A second school strike took place on 17 May where 1,000 pupils, some as young as 11, assembled at Trafalgar Square and once again marched on County Hall. This time, however violence took place along the march and some 24 pupils were arrested, one 14-year-old girl was injured. Margaret Thatcher was Secretary of State for Education at the time and in June refused a proposal to issue official advice to local authorities on how to deal with the SAU. Many SAU members that left school to take part in these protests were punished by being expelled, excluded or with corporal punishment. It was later reported that the protests were subject to disruption.
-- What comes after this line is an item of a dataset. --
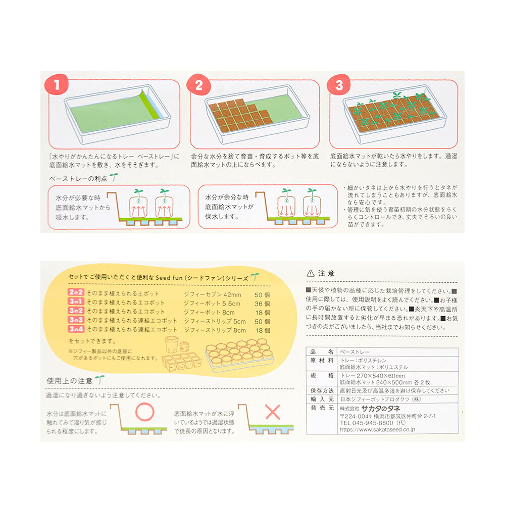 メーカー:サカタのタネ底面からムリなくムダなく水分コントロール!サカタのタネ ジフィーベーストレー 2枚入り対象花、野菜、ハーブなど特長●育苗用のマットとトレーのセットです。●花・野菜・ハーブの育苗、育成にオススメです。セット内容トレー・底面給水マット 各2枚サイズ(約)トレー:幅27.0×奥行き54.0×高さ6cm底面給水マット:幅24.0×奥行き50.0cm材質トレー:ポリスチレン底面給水マット:ポリエステルご使用方法●トレーに底面給水マットを敷き、水をそそぎます。●余分な水分を捨てて育苗・育成するポットなどを底面給水マットの上に並べます。●底面給水マットが傾いたら水やりをします。過湿にならないように注意します。ご注意※本品は園芸用品です。目的以外の用途では使用しないでください。サカタのタネ ジフィーハーフトレー培養土 サカタのタネ ジフィーミックス 4L かんたんタネまき・さし芽の土培養土 サカタのタネ ジフィーミックス 12L かんたんタネまき・さし芽の土 … サカタのタネ ジフィーベーストレー 2枚入り 4974449006304 20200507 GBNM ガーデニング 園芸用品 鉢 皿 鉢カバー ポット 種まき 育苗トレー 苗床 育苗 栽培 苗 opa2_delete インドアガーデニング 室内ガーデニング インドアグリーン グリーンインテリア 室内 インドア y20m02■この商品をお買い上げのお客様は、下記商品もお買い上げです。※この商品には付属しません。■サカタのタネ ジフィーハーフトレー培養土 サカタのタネ ジフィーミックス 4L かんたんタネまき・さし芽の土培養土 サカタのタネ ジフィーミックス 12L かんたんタネまき・さし芽の土

It is alleged that documents were stolen from the SAU offices by a newspaper, that the Inner London Education Authority sent letters to parents to discourage their children from attending the strike and that some head teachers locked pupils in school on strike days.

== Later campaigns and dissolution ==
Around 20 SAU members were given tickets to attend the performance of Alice Cooper's song School's Out on a July 1972 episode of Top of the Pops. This was condemned by media campaigner Mary Whitehouse for exposing millions of children to "violence and anarchy" in a manner that was "utterly irresponsible in a social climate which grows ever more violent". The SAU dissolved in 1974 after the leading members grew up and left school and were not replaced.

Despite its dissolution many of the original SAU and NUSS demands were eventually met, especially around corporal punishment. The Inner London Education Authority banned corporal punishment from 1974. National abolition was adopted as a policy by Labour in 1980 and was achieved in state schools in 1986. The SAU has been described as a significant factor in changing attitudes to corporal punishment in the UK and key to setting abolition on the political agenda. Other SAU aims remain unfulfilled: more than 90% of British secondary school pupils must wear a uniform. Single sex state schools still exist but have fallen in number from 2,500 in the 1960s to just 400 by 2011. Selective state schools were gradually closed from the 1960s in favour of comprehensive schools but received a reprieve from compulsory conversion in the 1980s and as of 2016 164 survive in England.